Figure 1 Comparison of abnormal rates of ANA in different types of SD patients. **, P<0.01. ANA, anti-nuclear antibodies; SD, sudden deafness.

The differences in abnormal rates of ACA-IgG, ACA-IgM, and anti-β-GP antibody between the SD group and control group were not statistically significant (P>0.05).

Discussion

SD refers to a sharp decline in hearing that occurs in a short period of time (or more than 48 hours), without an obvious trigger. The disease usually occurs on one side, and rarely occurs on both sides. Pure tone hearing test result manifests as a hearing loss of >20 dB at least at 3 connected frequencies, and those affected often experience tinnitus, dizziness, nausea, vomiting and other symptoms, but have no recurrent attacks, and except for the 8^th pair of cranial nerves, no other cranial nerves are damaged (12). Due to its swift onset and rapid development of the condition, it is one of common emergencies in otolaryngology. If the patient is not treated with effective comprehensive treatment, it becomes difficult to recover hearing on the affected side, and it may develop into a permanent neurological deafness, seriously affecting the quality of life of the patient.
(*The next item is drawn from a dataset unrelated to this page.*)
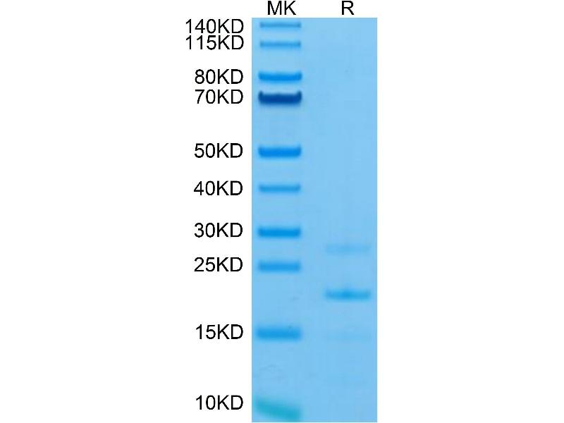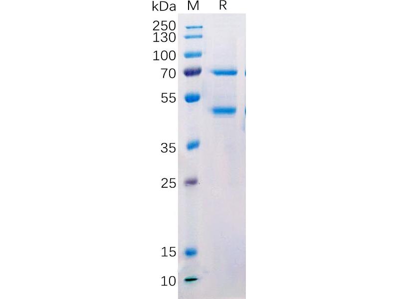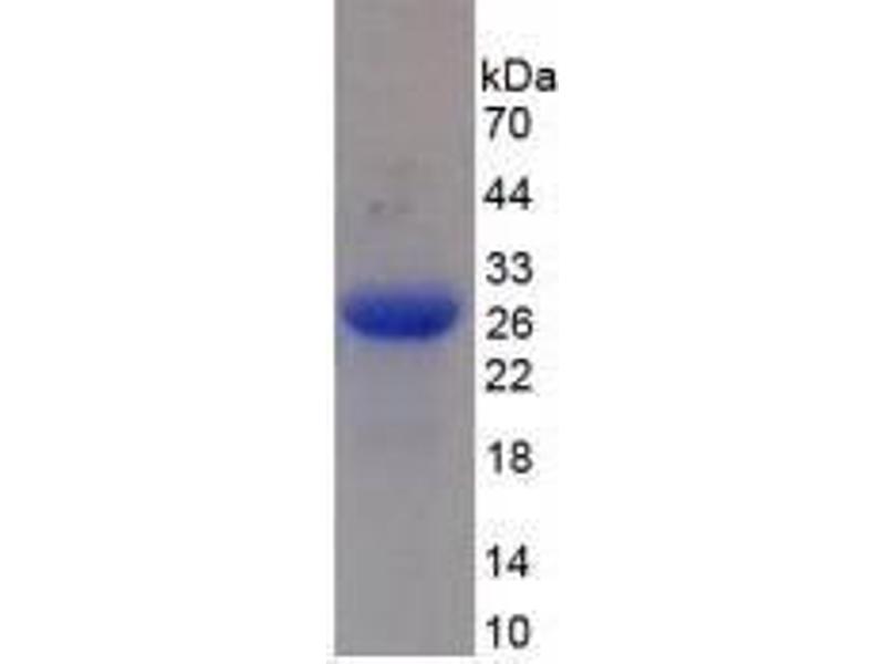 The purity of the protein is greater than 90 % as determined by SDS-PAGE and Coomassie blue staining.

The reason why leukocytes increase in patients with sudden deafness is that leukocytes, especially neutrophils, are an important part of the body’s defense system, known as “body guard”, and pathological neutrophils increase can be seen in: acute infection: bacteria, certain virus is like epidemic bleach blood heat, epidemic encephalitis of type B, rabies, increase the degree and the kind of pathogen, infection place and degree and airframe reaction sex concern, be like the mild infection of focal sex, total number of leucocyte can be in normal range, neutrophil percentage increases only. tissue damage or necrosis severe trauma, surgical trauma, vascular embolism, etc. Leukocytes often increase in acute poisoning, mainly neutrophils. Others such as corticosteroids. Therefore, the mechanism of leukocyte increase in peripheral blood of patients with sudden deafness may be a manifestation of stress response and tissue injury stimulation, or there are some infectious factors. And the increase of white blood cells in the surrounding blood has a bad effect on the prognosis of sudden deafness (13). The incidence of SD is increasing annually, and its age of onset is decreasing. At present, the cause and pathogenesis of the disease are still unclear; however, it may be that the structure and function of the inner ear are altered by ischemia and hypoxic damage of hair cells, caused by various factors. In recent years, Chinese and international researchers have tried to explore the role of autoimmune factors in the pathogenesis of SD (11,14). The present study aimed to explore the clinical significance of autoimmune indicators in patients with SD by detecting changes in the levels of ACA-IgG, ACA-IgM, anti-B2-β-GP, and ANA in plasma of patients with SD. The present study revealed that the difference in ANA between patients with SD and healthy controls was statistically significant. However, in the present study, the differences in ACA-IgG, ACA-IgM, and β-GP antibodies between patients with SD and healthy controls were not statistically significant.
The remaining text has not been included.